Here's a small excerpt from my personal .procmailrc file to give you an idea of how I sort incoming mail. Note that I can continue to use the global variables I set in the /etc/procmailrc file, such as IMAP.

LIST="$IMAP.Lists"
NEWSALERT="$IMAP.News-Alerts"
PRESSRELEASE="$IMAP.Press-Releases"
YESHUA="$IMAP.Yeshua"
HUMOR="$IMAP.Humor"

######################################################### ### Lists #########################################################

:0 * ^Subject.*(\[IPG\]|\[SMZ\]) | $LIST.NetPress

The remainder

The rest of the recipes in the /etc/procmailrc file are self-explanatory, with one exception. I deliberately rewrote the porn recipe to include only two words in order to avoid using profanity in this article. Note, however, that there's also a new concept here. The words "porn" and "pornography" are surrounded by two different bracket definitions. The words are preceded by a backslash followed by a less-than symbol, and the words are followed by a backslash then a greater-than symbol. These marks tell procmail that we're looking for whole words and not substrings.

The other new item is the parenthetical, along with the pipe symbol that separates the two words within the parentheses. This tells procmail to look for either of the two words. It is a logical "OR" condition. More on that in a moment.

###########################################################
### Porn spam
###########################################################

:0 * ^Subject.*(\|<\pornography\>) | $SPAMIT

:0 B * ^.*(\|<\pornography\>) | $SPAMIT

The final step

A little more spam processing, and we're finally ready to drop the message in the INBOX if it got past all the aforementioned conditions. We wait for a return code (which is why we add the "w" to the recipe) and then put a bit of stuff for the log (the final recipe, which also contains a "w" to wait for completion).

###########################################################
### If we get this far, just deliver it to the user inbox
###########################################################

:0w | $IMAP

:0w { EXITCODE=$? HOST }

ANDs and ORs

No doubt, you're going to want to create your own recipes. Others have created much better tutorials on procmail (see the documentation project in the resources section), but here are two indispensable tips: how to create AND and OR conditions.

AND conditions are extremely easy. You simply list them one after the other.
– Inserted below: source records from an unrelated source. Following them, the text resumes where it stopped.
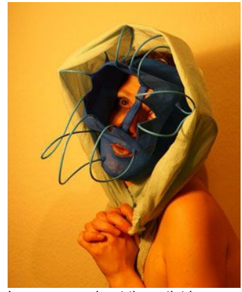
Learn more about the artist by clicking on the photo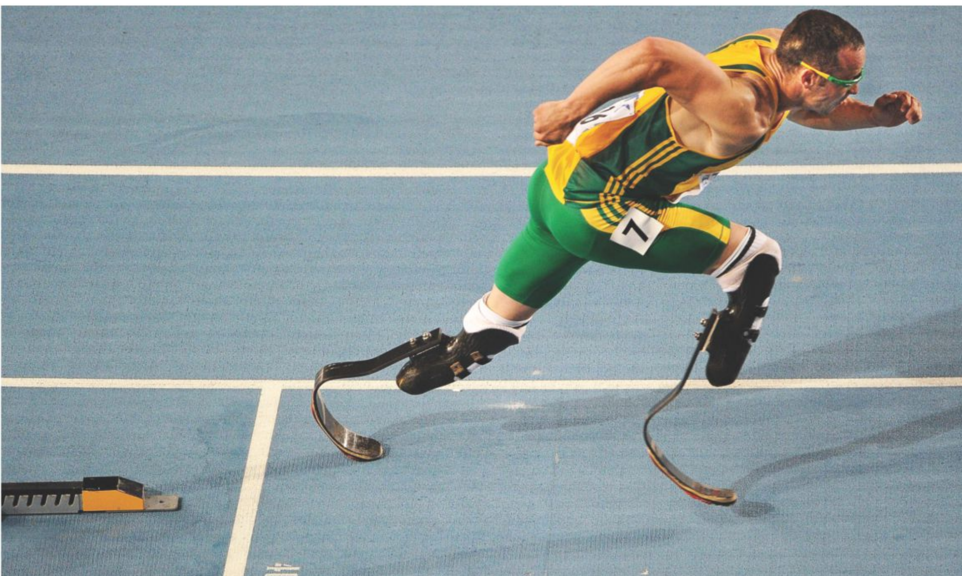
Oscar Pistorius will become the first double amputee to compete at the Olympic Games after being included yesterday in the South African 4x400-metre relay team for London Games.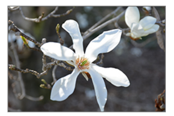
Anise Magnolia flowers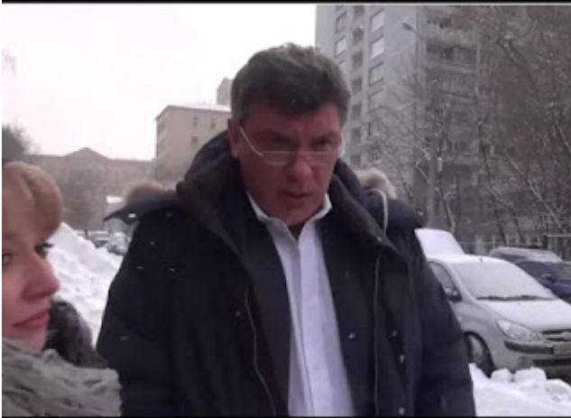
Boris Nemtsov - political opposition leader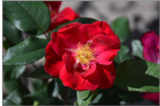
Top Gun Rose flowers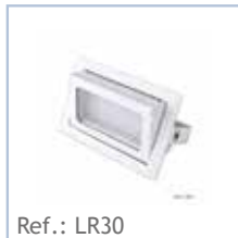
Ref.: LR30 FIXED RECTANGULAR LED LAMP 30W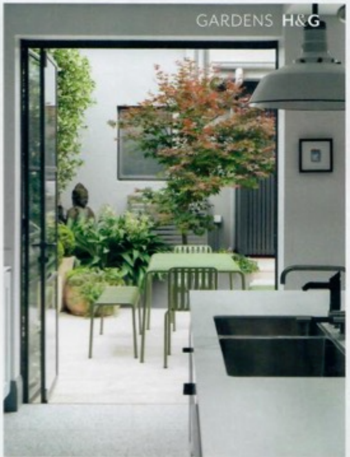
CLOCKWISE FROM ABOVE LEFT A trio of birch trees adds a vertical element to the front garden. The Japanese maple ( Acer palmatum 'Atropurpureum') brings seasonal colour and provides a lovely focal point when viewed from indoors. The Japanese maple foliage dances above the white blooms of New Zealand rock lily. A slatted screen hides the garage and doubles as a backdrop for the plantings, including tractor seat plant and cloud-pruned juniper. ▶

For example:

:0
* ^From:.*daggett
* ^Subject:.*descrambler
| $SPAMIT

If the message is from anyone with "daggett" in the address AND the subject line includes the word "descrambler", the condition is true and the message will go to the spam folder.

OR is easy if you check a single field for multiple values. For example:

:0
* ^From:.*(bill_gates|steve_ballmer)
| $SPAMIT

In this case, if the mail is from "bill_gates" OR "steve_ballmer", it will go to the spam folder.

What if you want to use a complex OR condition on different header fields? That gets tricky. There are several ways to do it, but here's the formula I always follow:

:0
* ! ^From:.*bill_gates
* ! ^Subject:.*dotNet
( )
:0E
| $SPAMIT

IMPORTANT NOTE: Make sure the parentheses "( )" contain a space between them!

Believe it or not, this recipe says that if the message is from "bill_gates" OR the subject includes the string "dotNet", then drop the message in the spam folder. Just substitute the conditions you want in place of those in my example, and substitute the action you want in place of my $SPAMIT delivery command.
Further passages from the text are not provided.